TASK DETAILS:
Would you please copy the entries exactly, leaving every picture aside?

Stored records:
* * *

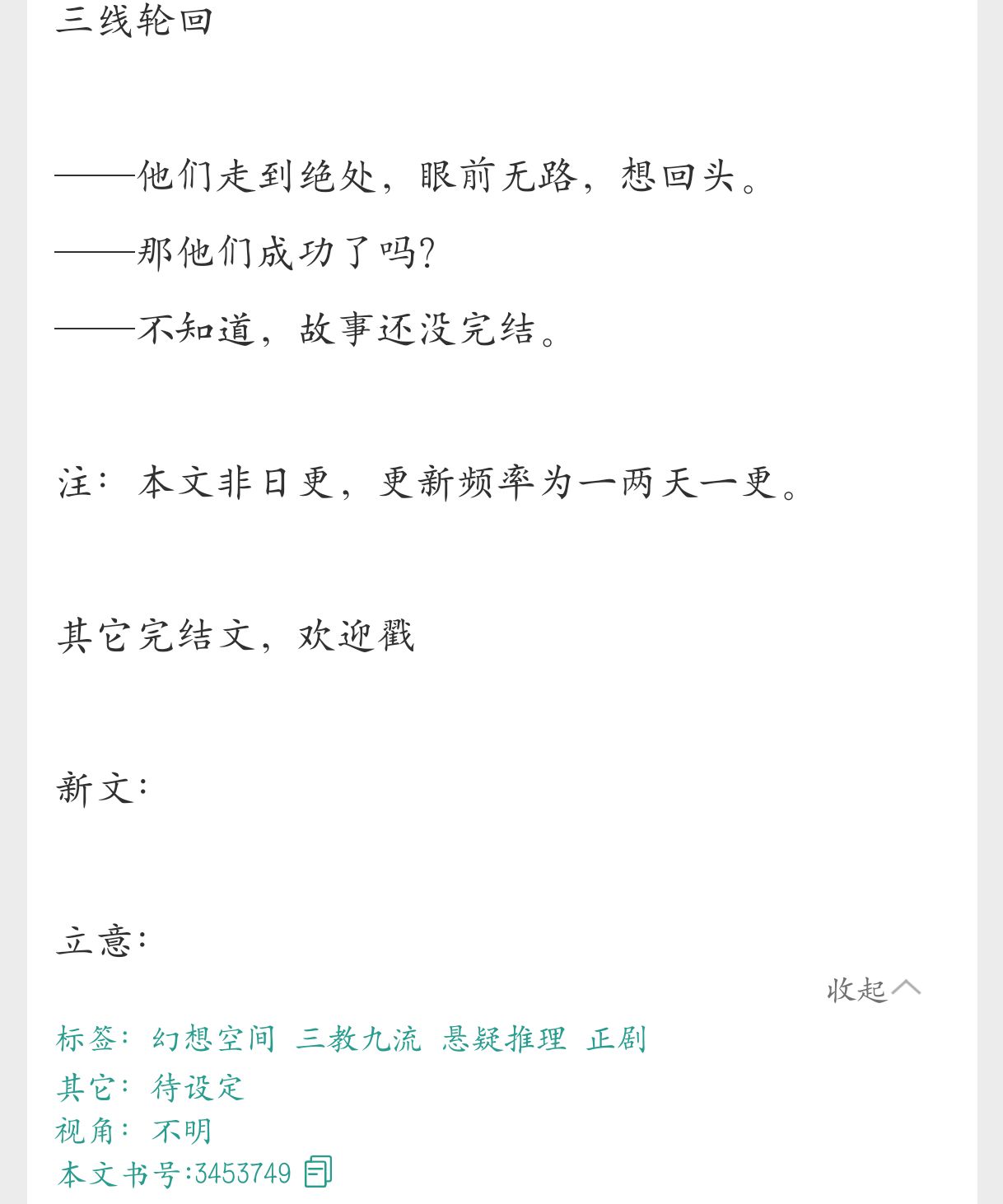也因为这个吧,到最后看到他在另一个灵魂的驱使下终究重回人间,看着那伏笔千里的一个又一个番外,我反而生出了“终于来了”的平静感。
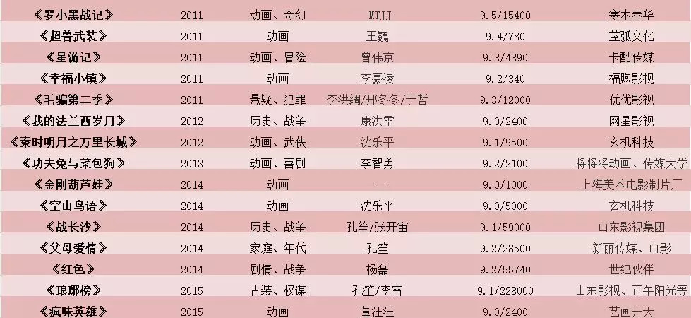 此外,华谊兄弟、华录百纳是仅有创造过9分神剧的上市公司。
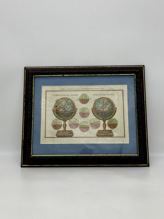 1787 « Globe terrestre, globe céleste et sphères » - Impression encadrée (nouveau système de géographie de Bankes)
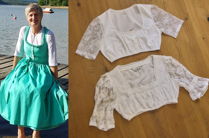 Eine Dirndl-Bluse macht den Look komplett. Sie ist immer kurz und körpernah geschnitten und endet knapp unter der Brust. So trägt sie unter dem Mieder nicht zusätzlich auf.
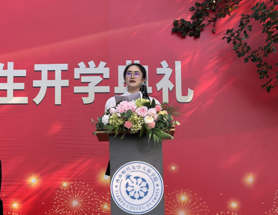 “每一位教师都会全力支持你们的成长与发展,助力你们的目标和梦想。愿你们青春正好,不负韶华!”艺术设计学院教师周东旭、智能科技学院教师李禹锌、康养护理学院教师谢秋菊作为教师代表发言,表达对新生的热切期望和真诚祝福,希望新生们能够夯实自身知识基础和专业技能、学会独立思考、保持积极学习和适应变化的态度。人生贵在坚持,成在勤勉,希望大家不惧困难、勇于面对,用自我驱动的力量去创造无限可能,让这段时光成为人生中的美好回忆。

* * *

SOLUTION TO THIS PROBLEM:
也因为这个吧,到最后看到他在另一个灵魂的驱使下终究重回人间,看着那伏笔千里的一个又一个番外,我反而生出了“终于来了”的平静感。
 此外,华谊兄弟、华录百纳是仅有创造过9分神剧的上市公司。
 1787 « Globe terrestre, globe céleste et sphères » - Impression encadrée (nouveau système de géographie de Bankes)
 Eine Dirndl-Bluse macht den Look komplett. Sie ist immer kurz und körpernah geschnitten und endet knapp unter der Brust. So trägt sie unter dem Mieder nicht zusätzlich auf.
 “每一位教师都会全力支持你们的成长与发展,助力你们的目标和梦想。愿你们青春正好,不负韶华!”艺术设计学院教师周东旭、智能科技学院教师李禹锌、康养护理学院教师谢秋菊作为教师代表发言,表达对新生的热切期望和真诚祝福,希望新生们能够夯实自身知识基础和专业技能、学会独立思考、保持积极学习和适应变化的态度。人生贵在坚持,成在勤勉,希望大家不惧困难、勇于面对,用自我驱动的力量去创造无限可能,让这段时光成为人生中的美好回忆。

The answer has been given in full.